Moody’s claims – RBI to keep interest rates stable this year

New Delhi| The Indian economy is in good shape, but the RBI may maintain a relatively tight monetary policy this year due to inflation risks. Moody’s Ratings said this on Friday, projecting 7.2 percent GDP growth for India in 2024.

Moody’s said that despite the rally in the near future, retail inflation will ease in line with the Reserve Bank’s target in the coming months, as food prices will come down due to higher sowing and adequate food grain buffer stock. Retail inflation hit a 14-month high of 6.21, surpassing the RBI’s upper tolerable limit, driven by a sharp surge in vegetable prices. The agency said sporadic pressure on food prices continues to lead to disinflation.

“The potential risks to inflation from rising geopolitical tensions and extreme weather conditions underline the RBI’s cautious stance towards policy easing”, Moody’s said. While the central bank neutralized its monetary policy stance in October, keeping the repo rate stable at 6.5 percent, it will maintain a relatively tight monetary policy next year, given the healthy growth dynamics and inflation risks.

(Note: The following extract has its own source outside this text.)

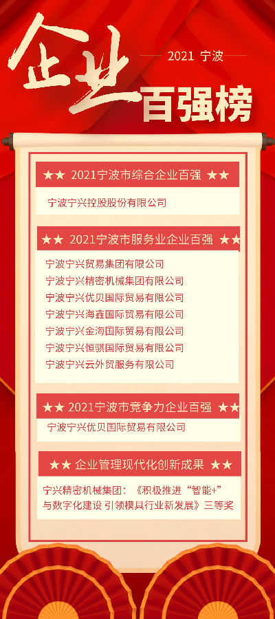 Recently, Ningbo Enterprises Confederation, Entrepreneurs Association and Federation of Industrial Economics jointly released the list of 2021 Ningbo Top 100 Enterprises. Ningshing Holdings was continuously awarded “2021 Ningbo Top 100 Comprehensive Enterprises”. The subsidiaries of Ningshing Holdings, including Ningshing Trading Group, Ningshing Precision Machinery Group, Ningshing Ubay, Ningshing Haixin, Ningshing Kinhil, Ningshing Hench and Ningshing Cloud were also awarded “2021 Ningbo Top 100 Enterprises in Service Industry”. Ningshing Ubay also awarded “2021 Ningbo Top 100 Enterprises in Competitiveness”. The management mode named Actively promote "smart+"and digital construction to lead the new development of mold industry by Ningshing Precision Machinery Group won the third prize of 2021 Ningbo Modernized & Innovative Enterprise Management Achievement.

RBI’s interest rate setting Monetary Policy Committee meeting is scheduled to be held next month, but with inflation at a high level, it is unlikely that RBI will cut benchmark interest rates. Domestic consumption is likely to increase, which will be boosted by increased spending and continued acceleration in rural demand during the current festive season, the US rating agency said in its Global Macro Outlook 2025-26.

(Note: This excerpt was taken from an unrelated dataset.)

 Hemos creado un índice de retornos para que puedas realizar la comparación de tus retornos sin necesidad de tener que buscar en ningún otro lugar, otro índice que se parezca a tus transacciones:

Additionally, increasing capacity utilization, encouraging business sentiment and continued emphasis by the government on infrastructure expenditure will support private investment. India’s real GDP grew by 6.7 percent on a year-on-year basis in the second quarter of 2024, made possible by recovery in domestic consumption, strong investment and strong manufacturing activity. There are signs of stable economic momentum in the July-September quarter as well.

Moody’s said, “… From a macroeconomic perspective, the Indian economy is in a good position with a mix of solid growth and soft inflation. We forecast a 7.2 percent increase for calendar year 2024, followed by 6.6 percent in 2025 and 6.5 percent in 2026.

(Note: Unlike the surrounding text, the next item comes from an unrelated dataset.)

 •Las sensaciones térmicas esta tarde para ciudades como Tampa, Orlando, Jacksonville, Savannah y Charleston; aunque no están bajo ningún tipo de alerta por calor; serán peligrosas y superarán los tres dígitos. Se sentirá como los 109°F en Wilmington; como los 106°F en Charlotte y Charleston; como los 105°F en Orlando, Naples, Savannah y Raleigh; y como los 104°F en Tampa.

Strong economic fundamentals, including healthy corporate and bank balance sheets, strong external positions and adequate foreign exchange reserves, also bode well for the growth outlook, it said. Moody’s said the global economy has shown remarkable resilience in its comeback despite supply chain disruptions during the pandemic, the energy and food crises after the Russia-Ukraine war began, high inflation and the resulting tightening of monetary policy.

“Most G-20 economies will experience steady growth and continue to benefit from policy easing and ancillary commodity prices”, said Madhavi Bokil, senior vice president at Moody’s Ratings and author of the report. Post-election changes in U.S. domestic and international policies, however, could accelerate global economic fragmentation, further complicating ongoing stabilization

Moody’s said trade tensions and geopolitical tensions, particularly between the US and China, are primary risks to the global macroeconomic outlook. Potential long-term geo-economic fragmentation could complicate global trade and financial engagement. Moody’s said economies with strong domestic drivers of growth will experience greater resilience and stability.